SkinittingFluffyBunnyBonnets · 10/04/2011 16:10

Also..how old is baby now?

SkinittingFluffyBunnyBonnets · 10/04/2011 16:11

And I agree that there is no need to jump in with talk of affairs....many men will sit in pubs for hours rather than face trouble at home.

brookeslay · 10/04/2011 16:25

how would he like it if you said you would be out a couple of hours and he had the baby and then you strolled in at 3.30 in the morning?? slightly peeved or would it be okay ??

Of course not His behaviour is wrong some men feel pushed out by a baby not matter how loved. I really wanted to stay in a hotel the first couple of weeks with a newborn. Perhaps he needs some paternity leave a hoilday with you to reconnect.

Try to talk on neutral ground sometimes your own four walls seem opressive.

beanlet · 10/04/2011 16:36

It's quite simple: he quite obviously doesn't want to come home anymore. It doesn't really matter why - could be an affair, he could be an alcoholic, or just seriously into pub-going. But the bottom line is he doesn't want to come home to you and your baby.

I think your relationship is in serious trouble and needs drastic action if it's going to be repaired. Do YOU have anywhere you can go for a while, to make him see how serious this is? Have you family or friends nearby who can take you and your baby in for a bit?

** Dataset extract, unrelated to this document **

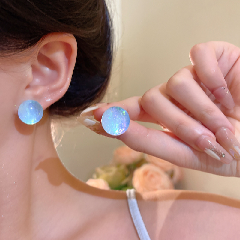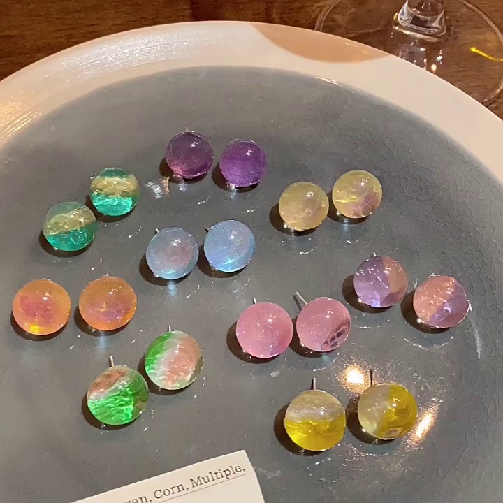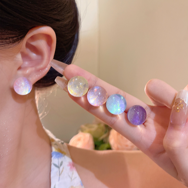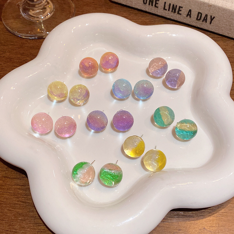 耳环小清新时尚百搭气质泡泡圆珠耳环多巴胺彩色透明星空感耳钉女

SkinittingFluffyBunnyBonnets · 10/04/2011 16:39

beanlet it's NOT "quite simple" how can you come to ny conclusion from what the OP has put here? You cannot.

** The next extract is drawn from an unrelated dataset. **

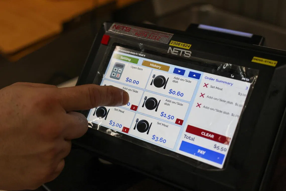 The digital payment terminal helps stallholders tabulate the total cost of a meal, saving them the effort of doing the calculations manually.

ilovesooty · 10/04/2011 16:50

I think beanlet is right in that it seems clear that he has no desire to be at home.

It seems distictinctly unhelpful to me to suggest to the OP that he's having an affair though. There could be any number of reasons and if daisystone doesn't know why there's no way we can.

Gooseberrybushes · 10/04/2011 16:58

You hit him and you threw his laptop because he was home late?

He might not be having an affair -- doesn't sound that likely to me, maybe he stayed out late drinking and went to a club. Maybe he's really feeling the pressure, it sounds like he's under a hell of a lot of it.

Gooseberrybushes · 10/04/2011 17:01

It sounds to me like he has too much on to be having an affair.

Gooseberrybushes · 10/04/2011 17:01

In fact I think he might be depressed.